Frecuentemente se cita como complemento de estas consultas compartidas, la organización de sesiones clínico-organizativas ese mismo día y en el mismo centro de salud (7), donde el consultor del hospital se reúne con todos los facultativos del centro para comentar casos clínicos, sin presencia física del paciente, o situaciones clínicas habituales, o se comentan los volantes de derivación para valorar su pertinencia, o se elaboran de forma consensuada protocolos clínicos o de derivación, etc.

De este modo, tanto en las consultas compartidas como en las sesiones clínicas celebradas en un centro de Salud se lleva a cabo una toma conjunta de decisiones sobre los diversos aspectos relacionados con los pacientes atendidos o comentados.

Este tipo de intervención en los países donde más se ha aplicado se ha realizado sobre todo en las especialidades de Reumatología, Traumatología, Urología, Otorrinolaringología y Dermatología (19,21).

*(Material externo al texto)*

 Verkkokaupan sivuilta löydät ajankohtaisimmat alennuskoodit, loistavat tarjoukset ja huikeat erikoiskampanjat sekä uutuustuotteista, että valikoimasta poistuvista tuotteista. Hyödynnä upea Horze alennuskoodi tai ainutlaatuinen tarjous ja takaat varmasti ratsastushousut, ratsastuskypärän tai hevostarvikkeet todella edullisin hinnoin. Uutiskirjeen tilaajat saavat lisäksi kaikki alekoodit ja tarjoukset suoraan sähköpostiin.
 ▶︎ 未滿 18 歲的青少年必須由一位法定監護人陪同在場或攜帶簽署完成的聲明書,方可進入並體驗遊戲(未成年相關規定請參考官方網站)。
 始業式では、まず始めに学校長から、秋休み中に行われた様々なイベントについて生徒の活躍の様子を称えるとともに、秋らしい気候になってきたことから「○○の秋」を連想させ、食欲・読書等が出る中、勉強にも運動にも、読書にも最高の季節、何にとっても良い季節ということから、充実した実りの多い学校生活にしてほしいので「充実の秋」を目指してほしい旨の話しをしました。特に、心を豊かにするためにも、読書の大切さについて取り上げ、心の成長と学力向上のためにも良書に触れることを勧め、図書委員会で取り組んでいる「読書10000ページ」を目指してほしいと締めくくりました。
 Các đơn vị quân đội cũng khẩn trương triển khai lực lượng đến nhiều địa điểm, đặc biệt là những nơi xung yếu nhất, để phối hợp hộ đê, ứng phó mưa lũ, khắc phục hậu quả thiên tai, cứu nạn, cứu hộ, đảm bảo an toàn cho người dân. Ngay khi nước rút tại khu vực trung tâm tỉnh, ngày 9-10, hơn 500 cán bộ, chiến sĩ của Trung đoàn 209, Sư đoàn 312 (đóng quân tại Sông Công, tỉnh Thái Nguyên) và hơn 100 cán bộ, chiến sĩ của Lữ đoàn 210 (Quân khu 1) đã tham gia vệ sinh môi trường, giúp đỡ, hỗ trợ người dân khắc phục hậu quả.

En España existe alguna publicación aislada en relación con determinadas patologías cardiológicas y en Nefrología (22,23), pero no en relación con la especialidad de Aparato Digestivo. Sólo existen publicaciones acerca de otros tipos de intervenciones, como elaboración de guías consensuadas y protocolos consensuados entre ambos niveles, tanto en otros países como en España, en general (24-28), o sobre situaciones concretas, como dispepsia (11, 14), enfermedad por reflujo gastroesofágico (29), patología péptica relacionada con Helicobacter pylori (30), screening del cáncer colorrectal (18, 31-33), entre otras.

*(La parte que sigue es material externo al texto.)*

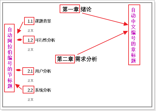 在Word 生成中文编号的一级章标题一文中,曾经了如何生成中文编号的章标题,以及阿拉伯数字的节标题,结果如下:
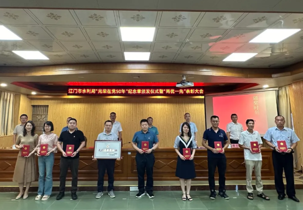 在庆祝中国共产党成立104周年的重要时刻,7月1日,江门市水利局“光荣在党50年”纪念章颁发仪式暨“两优一先”表彰大会召开。会上为“光荣在党50年”老党员颁发了纪念章,对水利系统优秀共产党员、优秀党务工作者及先进基层党组织进行表彰。科禹水利党支部被授予“先进基层党组织”荣誉称号!这是科禹水利党支部连续第三年获此项殊荣。
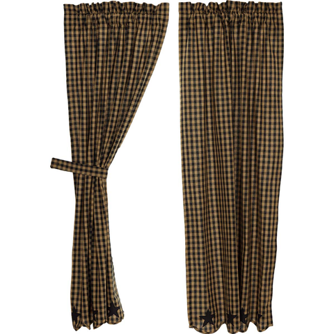 The Blackstone Farm Star Scalloped Short Panel Curtain Set features small scale black and khaki check fabric with 5-point stars appliqued along the bottom in solid black.
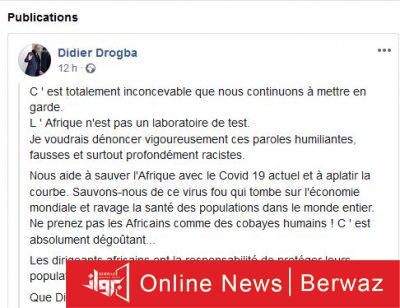 هذا وشارك الفيل الإيفواري ديدي دروغبا عبر صفحته الرسمية في الفيسبوك منشورا غاضبا، هاجم فيه الطبيب الفرنسي وكل المسؤولين الذين يرون إفريقيا كحقل تجارب منددا بالخرجة العنصرية المقيتة.
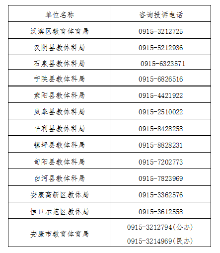 安康市義務(wù)教育招生入學(xué)工作咨詢投訴電話

Personalmente nuestra experiencia ha resultado muy positiva utilizando estas consultas compartidas en la especialidad de Gastroenterología y Hepatología, junto con sesiones clínico-organizativas con periodicidad mensual, con una duración total de 3 horas (considerando consulta más sesión clínica), consiguiendo un descenso de las derivaciones de un 30% aproximadamente en los centros donde se llevó a cabo la intervención (20).

Una forma intermedia, que puede ser de gran utilidad para salvar distancias geográficas, por ejemplo en el medio rural, sobre todo si la orografía complica las comunicaciones reales, son las llamadas consultas compartidas virtuales o teleconsultas compartidas (21), que se ha aplicado entre otras especialidades en Gastroente-rología, en las que existe una comunicación telemática, a modo de videoconferencia, entre el Médico del Hospital y el de Atención Primaria que está reunido con el paciente en su espacio de consulta. Además permite enviar imágenes radiológicas (telerradiología), lesiones cutáneas (teledermatología), registros electrocardiográficos, etc.

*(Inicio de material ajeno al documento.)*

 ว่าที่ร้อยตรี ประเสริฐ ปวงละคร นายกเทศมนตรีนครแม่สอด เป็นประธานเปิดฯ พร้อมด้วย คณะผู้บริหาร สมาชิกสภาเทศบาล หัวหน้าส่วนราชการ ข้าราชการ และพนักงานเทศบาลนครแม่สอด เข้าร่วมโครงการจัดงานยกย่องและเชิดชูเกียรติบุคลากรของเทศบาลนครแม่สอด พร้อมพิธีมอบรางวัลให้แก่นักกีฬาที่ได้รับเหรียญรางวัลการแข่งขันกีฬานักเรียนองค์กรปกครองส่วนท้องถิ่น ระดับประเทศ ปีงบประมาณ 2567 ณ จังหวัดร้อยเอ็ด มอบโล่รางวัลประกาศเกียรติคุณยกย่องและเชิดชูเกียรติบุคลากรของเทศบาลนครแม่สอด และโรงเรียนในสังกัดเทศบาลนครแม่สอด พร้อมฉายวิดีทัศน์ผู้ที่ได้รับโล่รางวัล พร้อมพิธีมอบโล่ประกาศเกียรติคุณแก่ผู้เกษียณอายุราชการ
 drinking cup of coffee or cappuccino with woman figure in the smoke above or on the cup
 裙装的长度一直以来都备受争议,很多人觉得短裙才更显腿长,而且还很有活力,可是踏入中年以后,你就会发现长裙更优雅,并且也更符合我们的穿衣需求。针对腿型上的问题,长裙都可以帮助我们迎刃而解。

¿Y por qué no se organizan estas consultas compartidas entre especialidades del Hospital y la especialidad de Atención Primaria? Según nuestra experiencia, este tipo de intervención es eficaz, gratificante para los facultativos de ambos niveles, y además no difícil de organizar. Se necesita eliminar los prejuicios derivados de su desconocimiento práctico y la desconfianza en sus resultados y el temor a ser una práctica consumidora de recursos humanos y tiempo, hecho que no es así, pues se ahorrarían consultas externas y posiblemente algunas exploraciones, duplicaciones, prescripciones inducidas, costes, etc. Se precisa, eso sí, de una persona motivada y con las cualidades necesarias para organizar este tipo de intervención y participar en ella.

Insistimos en la necesidad de promover la relación y coordinación lo más estrecha posible entre los dos niveles de atención (Primaria y Hospital), que deben tender a funcionar como una unidad, y no sólo desde la administración, sino a nivel de la práctica clínica diaria, en beneficio de una atención integral y continuada del paciente, lo que puede ser aplicable a cualquier especialidad, sobretodo del campo de la Medicina Interna.